Alopecia Areata

Alopecia areata (AA) is probably the third most common form of hair loss dermatologists see, after androgenetic alopecia and telogen effluvium. The lifetime risk for AA is nearly 2%, or two in every 100 people will get AA at some point in their lives. It is not contagious; you can't catch AA from someone who has it.

Researchers believe AA is an autoimmune disease such as rheumatoid arthritis, but in this case the individual's own immune system attacks hair follicles instead of bone joints. Just why or how AA develops is not clear. For whatever reason, the immune system is inappropriately activated and attacks hair follicles. Research using several disease models shows certain types of lymphocytes play a primary role in the hair loss. They seem to attack the hair follicles, mistakenly thinking that somehow they are a threat to the rest of the body.
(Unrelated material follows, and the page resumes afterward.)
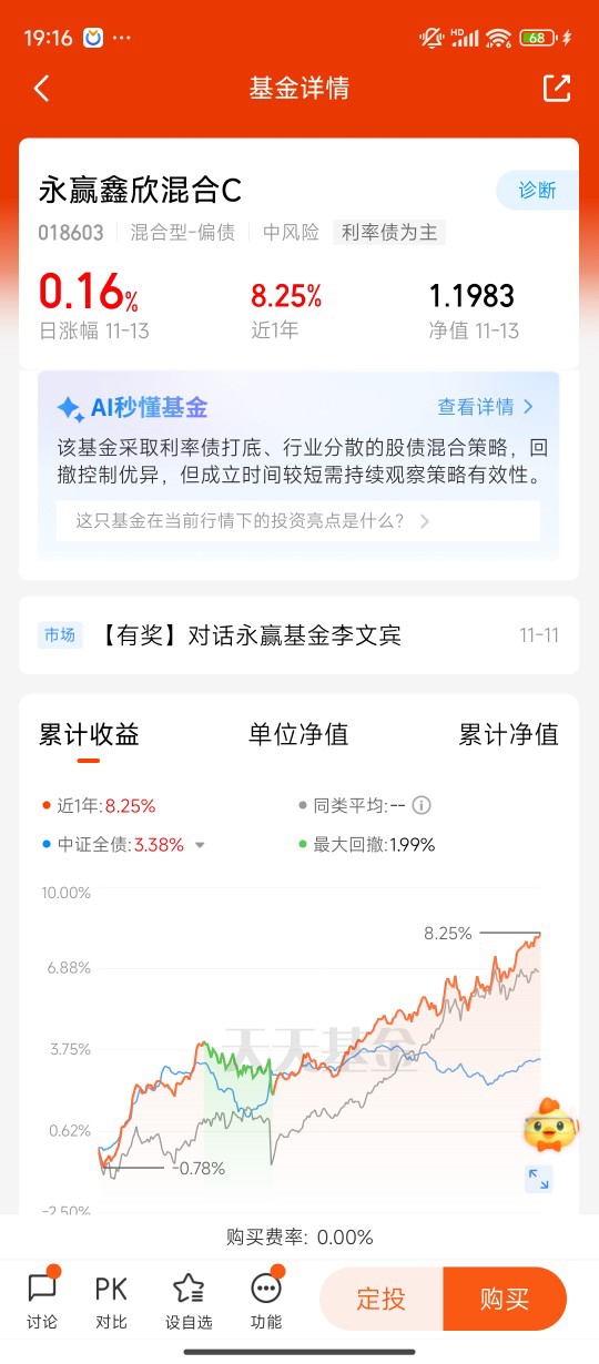#黄金又牛起来了!这次你上车了吗?# 兼具稳健又能配置均衡的固收+债基表现出色。$永赢鑫欣混合C$ 年化率涨幅达到8.25%。在市场震荡环境下,经受住时间的考验。业绩相当出彩。今晚收16颗蛋。近一月127颗蛋。近半年474颗蛋,短中长期积攒成绩都很稳健,这种股债组合相融性强,稳中有升,避开了市场调整的大起大落,还能稳稳的收蛋相当给力哈!

AA can affect men, women, and children. It often appears as well-defined circular bald patches on the scalp. Many people will get just one or two patches, but for some the hair loss can be extensive. Unfortunately, children who develop AA before puberty are most likely to develop more extensive and persistent hair loss.

Hair loss that spreads to cover the entire scalp is called alopecia totalis. If it spreads over the entire body, affecting scalp, eyebrows, lashes, beard, pubic hair, and everything else, then the condition is called alopecia universalis. If the alopecia is just limited to the beard area in men, it is called alopecia barbae.

The inflammation involved in AA focuses on the roots of hair follicles deep in the skin. As a result there is very little visible at the skin surface. There is no redness and often no pain, although a few people do find their skin itchy or painful to touch in the very early stages of AA development. Usually, though, there is no sensation -- just a patchy shedding of hair.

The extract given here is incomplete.